The Albanese government signed a deal with the government of Nauru, population 12,000, to “resettle” the so-called NZYQ cohort. The acronym doesn’t stand for anything but is used as a placeholder for the 354 people that were subject to a 2023 Australian High Court case that found indefinite immigration detention unlawful.
Basically, the government stripped them of their right to stay in Australia for some law violation but couldn’t deport them because they have nowhere else to go. The High Court case means they were released into the community, no doubt with considerable police resources being used to keep track of them, and the government isn’t too happy about that.

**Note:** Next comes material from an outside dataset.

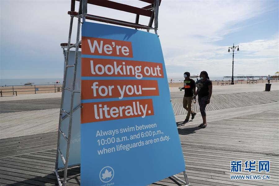 這是7月1日在美國(guó)紐約科尼島一處海灘上拍攝的關(guān)于允許游泳時(shí)間的提示牌。當(dāng)日,美國(guó)紐約市屬八處海灘正式重新準(zhǔn)許民眾游泳,救生員也同時(shí)上崗。新華社記者王迎攝

So, what has the government decided to do? “Resettle” them in Nauru (see, it’s not detention!) “by removing the requirement to provide procedural fairness in cases where there are third-country arrangements”.

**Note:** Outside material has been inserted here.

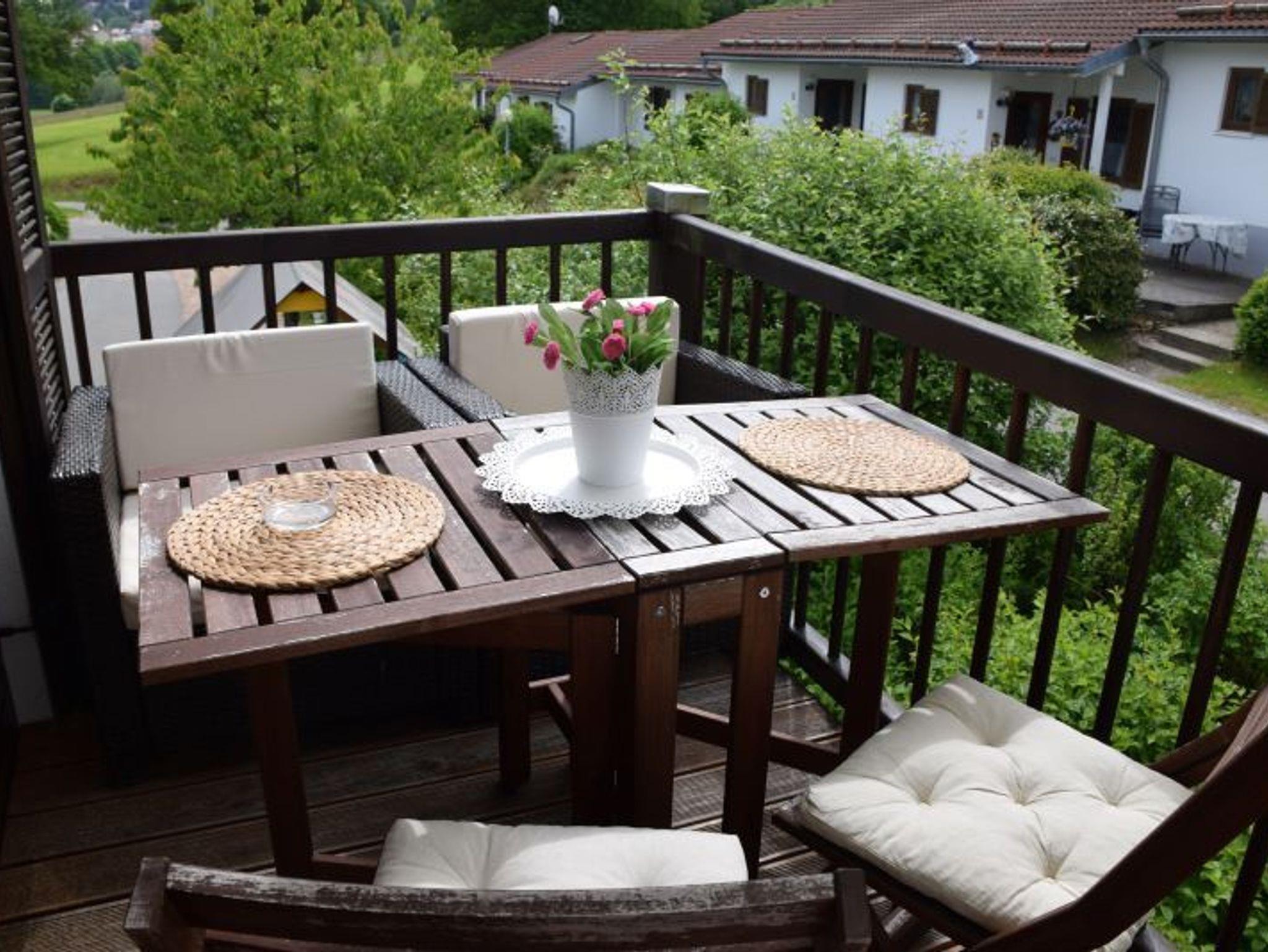 Der nach Osten ausgerichtete Balkon lädt Sie zum Entspannen ein. Auf bequemen Gartenmöbeln können Sie den Blick auf die Burg genießen.

Dodgy? Certainly looks that way, but I’m no lawyer. But what I want to look at is the cost: $408 million upfront and $70 million a year afterwards, for up to 30 years. If all 354 people are “resettled”, that’s a total of around $7 million a person.
Now, that seems like a lot. But looking after people, whether in prison, detention, or as part of a dodgy “resettlement” in a foreign country isn’t cheap. According to the Justice Reform Initiative, it costs taxpayers around $150,000 annually to keep an adult in prison. A child is a cool million, but let’s just assume the NZYQ cohort are all adults without dependents.

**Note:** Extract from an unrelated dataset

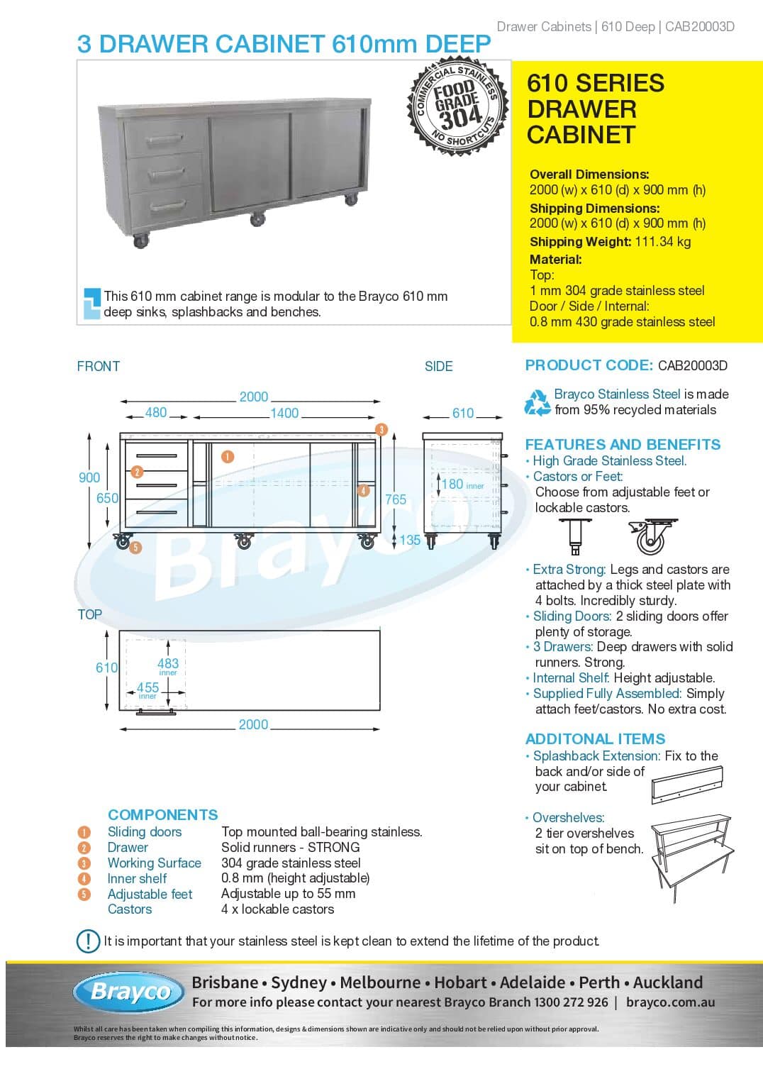 This cabinet is modular to 610mm deep splashback benches, flat benches and sinks.

$150,000 * 30 years ≈ $4,500,000.
That’s a fair bit under the roughly $7 million that’s going to Nauru to “resettle” a single person for the same amount of time. But remember that a bunch of the cash is up-front to set up the totally not-a-detention facility. Looking at only the annual portion, it’s not far off housing an adult in an Australian prison:
$70,000,000 / 354 ≈ $200,000.
It’s still a little bit more expensive—approximately $50,000 a year, or around 33% extra. But the estimate for an Australian imprisonment above doesn’t include the infrastructure setup costs, and we also don’t know all the details of the Nauru deal. For example, whether more people will be sent over time (which would reduce the per-person cost, given the fee is supposedly fixed), and of course there needs to be a little something in it for the people of Nauru.
So, all up I don’t think the Albanese government has overpaid. Whether it has done the right thing legally and morally, well that’s a separate question.